Running Halmos by Default for Library Testing
If you are already "thinking in properties" when writing fuzz tests, I encourage you to run Halmos by default.
Introduction
In the upcoming Size Code4rena contest, auditors will see a mix of unit and fuzz tests with Foundry, invariant tests with Echidna, and property-based tests with Halmos.
To create the best “effort-to-reward ratio” in terms of security, the project structure was created using a TDD-like approach. It began with many unit tests ported from a Python reference implementation, then expanded with fuzz tests, and finally included invariant tests.
As I often advocate, I believe this order maximizes the likelihood of finding real and meaningful bugs in a fast development cycle. If projects have time and money, they should also invest in formal verification as a next step. In some cases, however, this order should be adjusted.
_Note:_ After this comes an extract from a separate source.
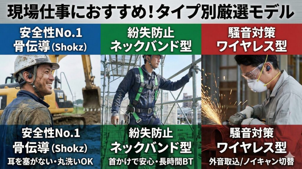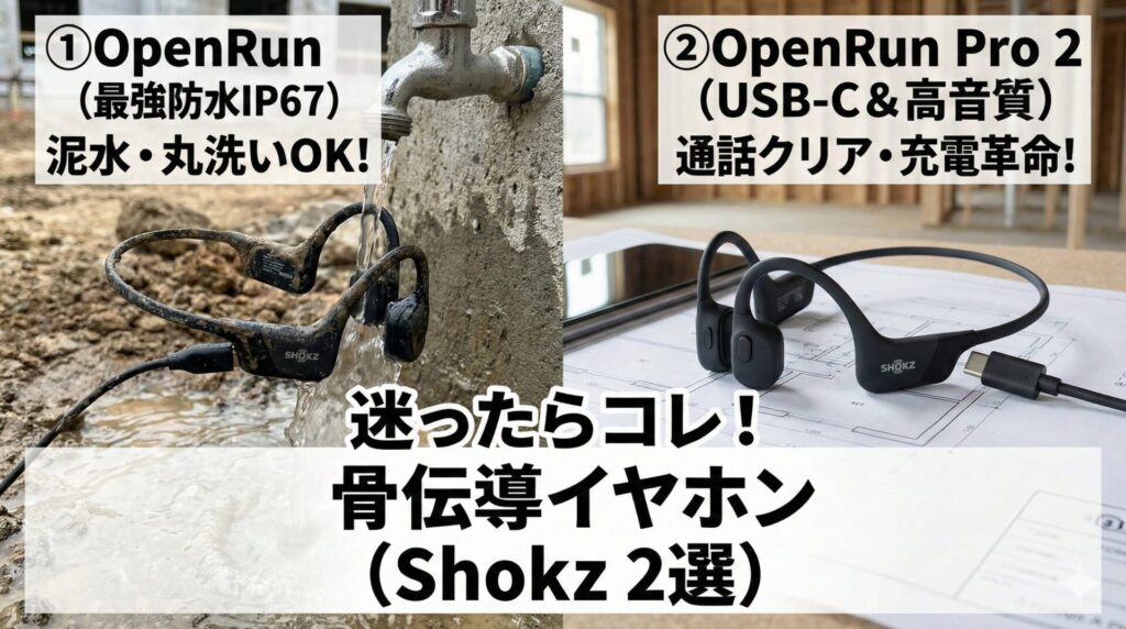 Shokzにはいくつか種類がありますが、現場仕事なら以下の2択で決まりです。

This post explores why running Halmos by default can not only save time but sometimes provide better guarantees of the code’s behavior than fuzzing.
Thinking Properties
I often refer to this great material from Certora, which shares a categorization of system properties that protocols can use when expanding on their list of invariants, even when writing fuzz tests.
After some time, this exercise becomes a second language for developers, who start improving their stateless fuzz tests to not only check for expected/actual values but also the maintenance of important invariants. With enough time, the fuzzer doesn't catch any bugs, and your confidence in the accuracy of the implementation is meant to deem it good enough.
One function that did not fare quite well in this approach was a binary search method for interpolating interest rates on a yield curve:
// SPDX-License-Identifier: MIT | |
pragma solidity ^0.8.13; | |
interface IMath { | |
/// @notice Find the index of `value` in the sorted list `array` | |
/// @dev If `value` is below the lowest value in `array` or above the highest | |
/// value in `array`, the function returns | |
/// (type(uint256).max, type(uint256).max) | |
/// @param array The sorted list to search | |
/// @param value The value to search for | |
/// @return low The index of the largest element in `array` that is less than | |
/// or equal to `value` | |
/// @return high The index of the smallest element in `array` that is greater than | |
/// or equal to `value` | |
function binarySearch(uint256[] memory array, uint256 value) external | |
pure returns (uint256 low, uint256 high); | |
} |
Like most software developers, one’s ability to flawlessly implement basic algorithms and data structures fades away when they stop going through beginner job interview processes. What is more, this binary search is a non-straightforward implementation, as it returns two indexes instead of one, and it is in a critical path of the protocol since you can't find a rate on a yield curve without linear interpolation. Simple fuzz tests were not making my anxiety go away, no matter how many audit firms would manually review this implementation.
After some time tinkering again and again expanding the test coverage for this particular function, something came to mind. What if I used Halmos instead? After all, the fuzz tests were already done, the properties were already created, and with minimal effort, I could convert them to property-based tests and run Halmos. To my surprise, it passed without errors in a few seconds.
contract MathTest is Test { | |
function check_Math_binarySearch(uint256[] memory array, uint256 value) public { | |
// array is strictly increasing | |
for (uint256 i = 0; i < array.length - 1; i++) { | |
vm.assume(array[i] < array[i + 1]); | |
} | |
(uint256 low, uint256 high) = Math.binarySearch(array, value); | |
if (value < array[0] || value > array[array.length - 1]) { | |
// not found | |
assertEq(low, type(uint256).max, "not found"); | |
assertEq(high, type(uint256).max, "not found"); | |
} else { | |
assertGe(low, 0, "low is within bounds"); | |
assertLe(low, array.length - 1, "low is within bounds"); | |
assertGe(high, 0, "high is within bounds"); | |
assertLe(high, array.length - 1, "high is within bounds"); | |
assertLe(low, high, "low <= high"); | |
assertLe(array[low], value, "array[low] <= value <= array[high]"); | |
assertLe(value, array[high], "array[low] <= value <= array[high]"); | |
if (value == array[low]) { | |
assertEq(low, high, "low == high if the value is in the array"); | |
} | |
} | |
} | |
} |
This anecdote underscores how security researchers can shift their mentality of using formal verification as a last step and instead adapt case by case. This post advocates for using Halmos by default in some situations until you find a real blocker and need to resort to faster yet less definite tools.
In particular, libraries can benefit the most, since they are often simpler, resulting in fewer paths for the tool to explore. Additionally, after some recent improvements made by the maintainers, it should be running much faster than before, addressing a common concern with symbolic execution and its potential to run indefinitely.
Conclusion
Incorporating Halmos into your default testing routine, especially for libraries, can lead to significant improvements in efficiency and confidence. By leveraging the strengths of symbolic execution alongside traditional fuzzing, security researchers can achieve a more robust verification process.